8. The language analysis method according to claim 7, wherein when there are two or more parts of speech for the token, the part of speech of the token is selected based on the parts of speech of one or more tokens located before, after, or both. A feature of selecting a part of speech based on a table for performing

9. The language analysis method according to claim 8, wherein at least the suffix of the verb and the suffix of the predicate adjective are converted into a token by a table for the suffix of the root of the individual verb or the predicate adjective. Characterized by performing division.

10. The language analysis method according to claim 9, wherein the table for the suffix is separately or integrally provided.
A table characterized by having a table for idioms that treat suffixes that include part-of-speech tokens that are not originally verb suffixes.

11. The language analysis method according to claim 9, wherein the table for the suffix is separately or integrally provided with:
A compound having a table for a compound verb that handles a suffix that includes a verb token that is not originally a suffix of the verb.

12. A computer-readable storage device in which a computer-executable program for executing a method of assigning a part of speech to each token of a given language using a computer is substantially integrated. In the above method, the part of speech for various tokens is stored in a storage device as dictionary means, the part of speech corresponding to each token in a given language is obtained from the dictionary means, and a plurality of parts of speech for one token are obtained. In some cases, the part of speech of the token is narrowed down based on the part of speech of one or more tokens located before or after or both of the token.

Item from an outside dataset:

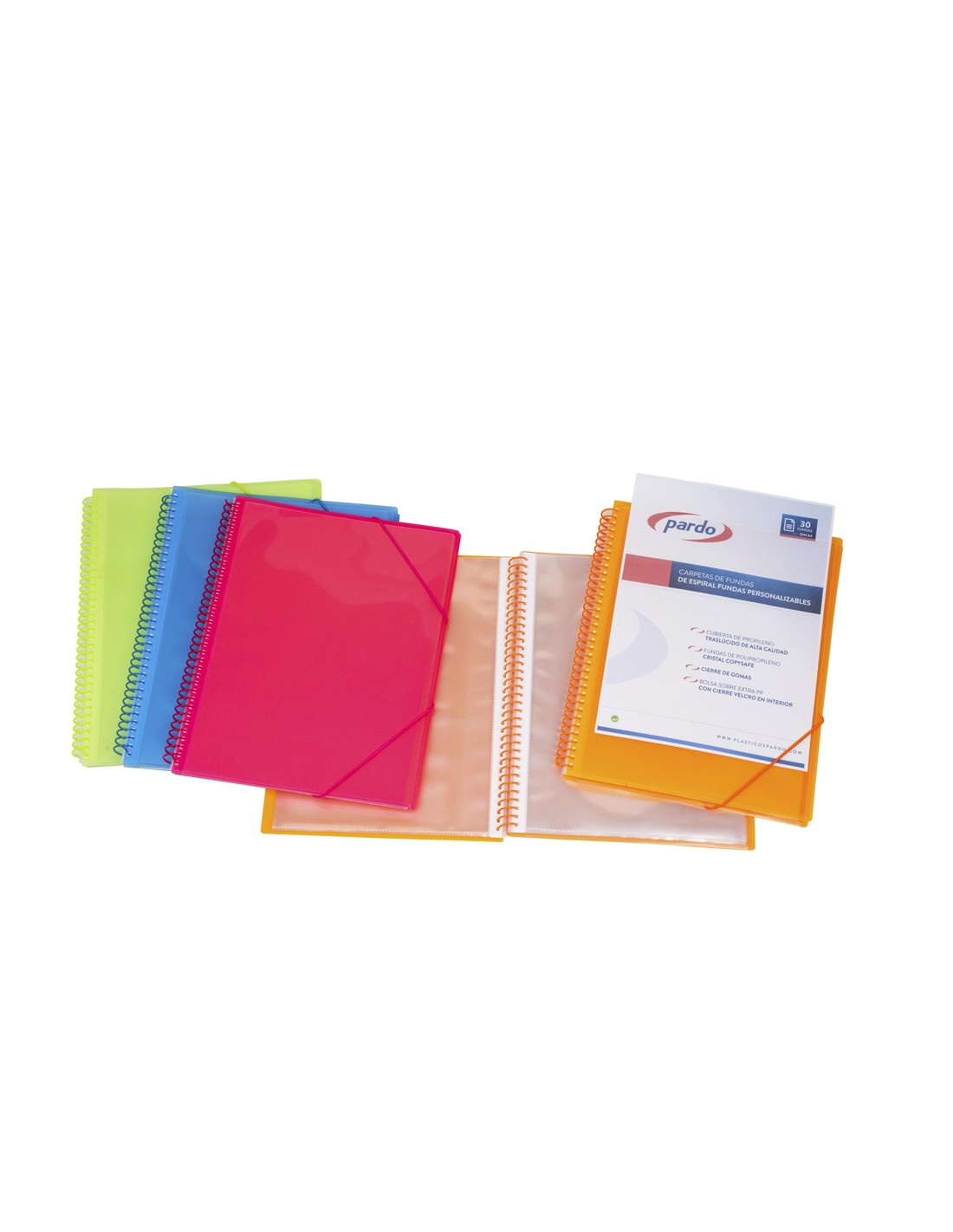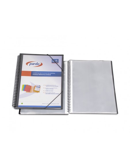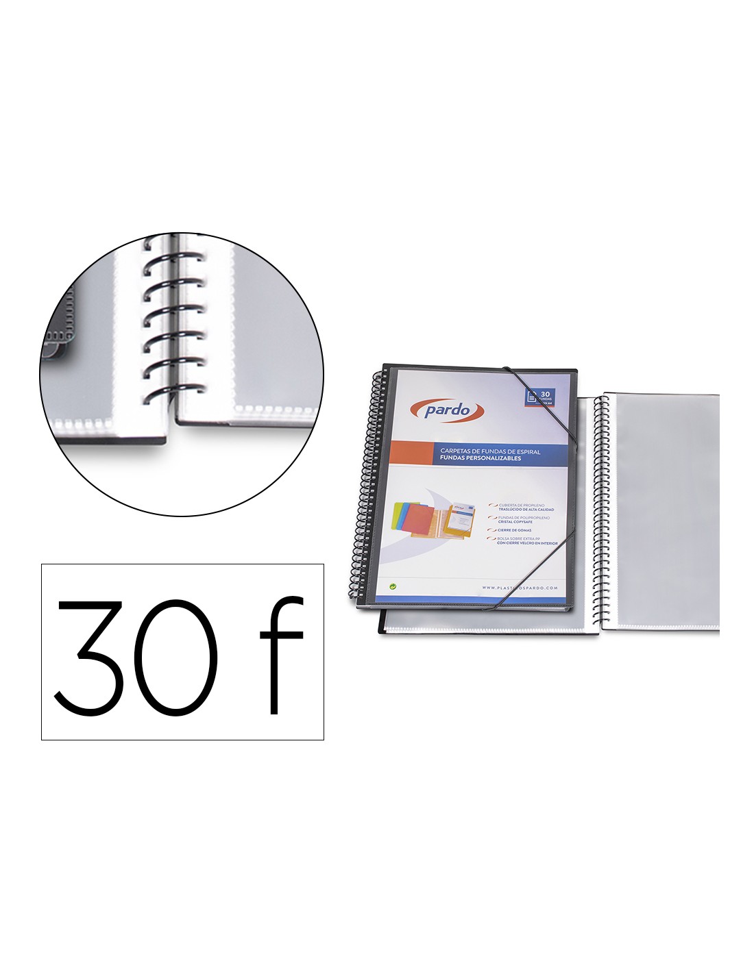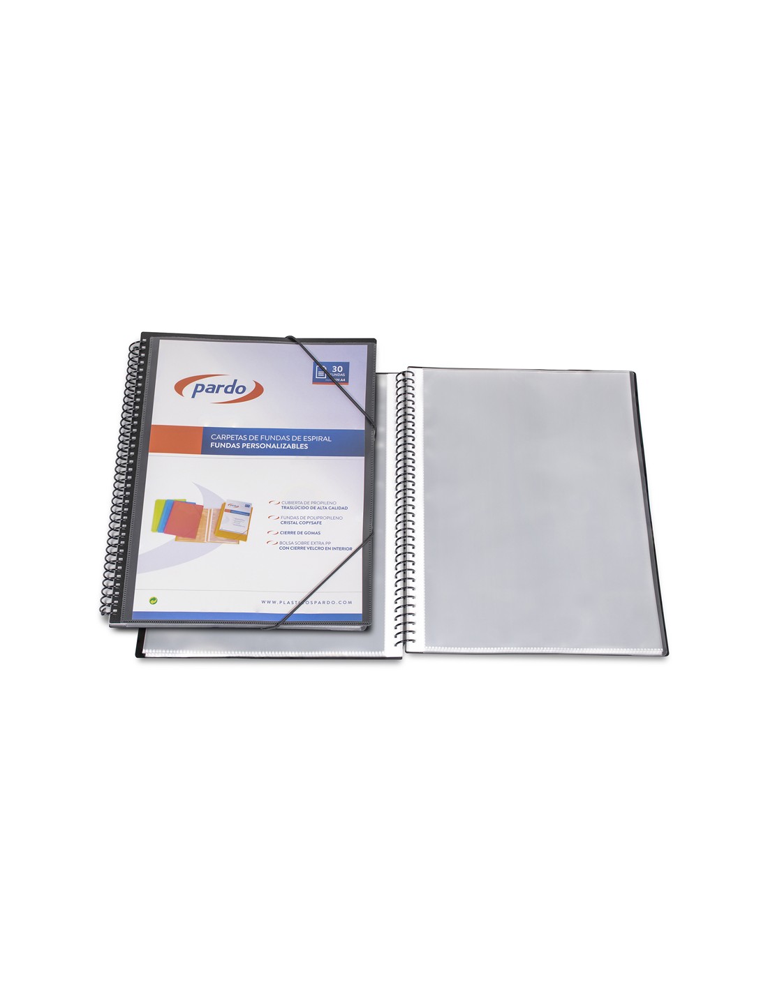 Carpeta espiral 30 fundas con tapas personalizables. Con fundas interiores cristal 90 micras y sobre. Cierre de gomas. Color negro.

13. A language analysis method for assigning a part of speech to each token of a given language using dictionary means stored in an existing device, comprising: a group including at least a suffix of a verb and a suffix of a predicate adjective. And a dictionary means for separately associating with the other groups and associating them with parts of speech.

14. A language analysis method for assigning a part of speech to each token of a given language using dictionary means stored in a storage device, comprising: a group including at least a root of a verb and a root of a predicate adjective; A feature of having dictionary means for storing parts of speech of other groups as different parts of speech.